For a huge number of people around the world, chili is a delicacy. However, most people have not stopped asking where this spice comes from. Chili is a fruit of plants that are part of the Nightshade family. To narrow it down, its genus is that of the most popular capsicum. Capsaicin and similar compounds mainly cause the “spiciness” that comes after eating it.
Surprisingly, the humans ate them from 7500 BCE. Recent studies show that they were first domesticated in the Americas, particularly in Mexico. Not surprisingly, Peru, a country in the Americas, would have the highest levels of diversity in terms of cultivation in the world. This is because most of the domestic species have been cultivated and consumed during the pre-Columbian period. Bolivia has the largest diversity of wild chillies in the world that are eaten.
That today Asia is a significant player in the chili sector can be attributed to trade in the past mainly by the Portuguese and the Arabs. It is important to note that it was a valuable asset because the Asian community embraced it very well. So well, in fact, it has become the world’s largest manufacturer of chilli from 2014 in relation to other players.
World production by country
As per 2014 world production statistics, the total of chilli based products was in the region of 33.2 million tons. This figure includes both peppers and fresh green chilli. As previously stated, the Asian region has dominated this production with nearly eighty percent of the world’s total production.

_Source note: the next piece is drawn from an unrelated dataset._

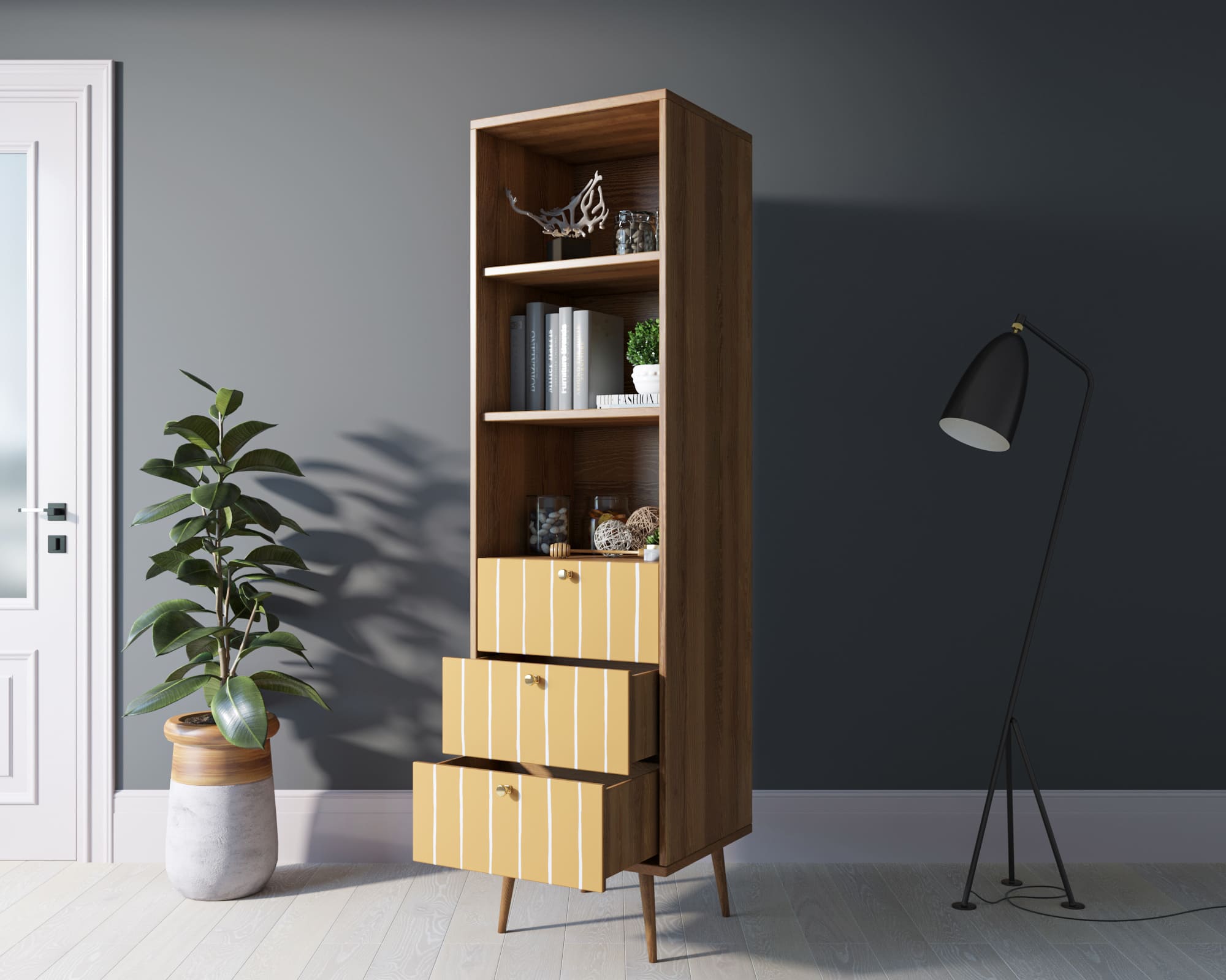Прочность и долговечность. Ножки стеллажа изготовлены из прочного массива ясеня, что обеспечивает устойчивость и надёжность конструкции. Это гарантирует долгий срок службы изделия даже при интенсивном использовании.

China tops the list producing around 16.1 million tons of chilli in 2014. To put it in perspective, China produced about 48% of total global production that year alone. Compared to the nearest competitor, Mexico, China produced at least five times the quantity produced by Mexico, which was a paltry 2.7 million tons.
The third was Turkey with a total production of 2.1 million tons. Closely following Indonesia with 1.9 million tons and then again with India with 1.5 million tons. This further puts into perspective how dominant Asia is. India is a curious case because 32% of 1.5 million tons produced was composed of dried peppers. This puts him at the top of the rankings as regards the production of dried chili in the world in 2014
Closing the highest list to the number six and seven positions, Spain and the United States have a production of 1.1 million tons and 0.9 million tons respectively. The case of Spain should not be alarming because of trade and obviously because of the spicy nature of their venerated and delicious cuisine.
China has dominated the market. One simple reason for this is its huge population that would amount to more people cultivating it. Other advantages, such as currency exchanges, also come from exporting the desirable fruit, although “hot”.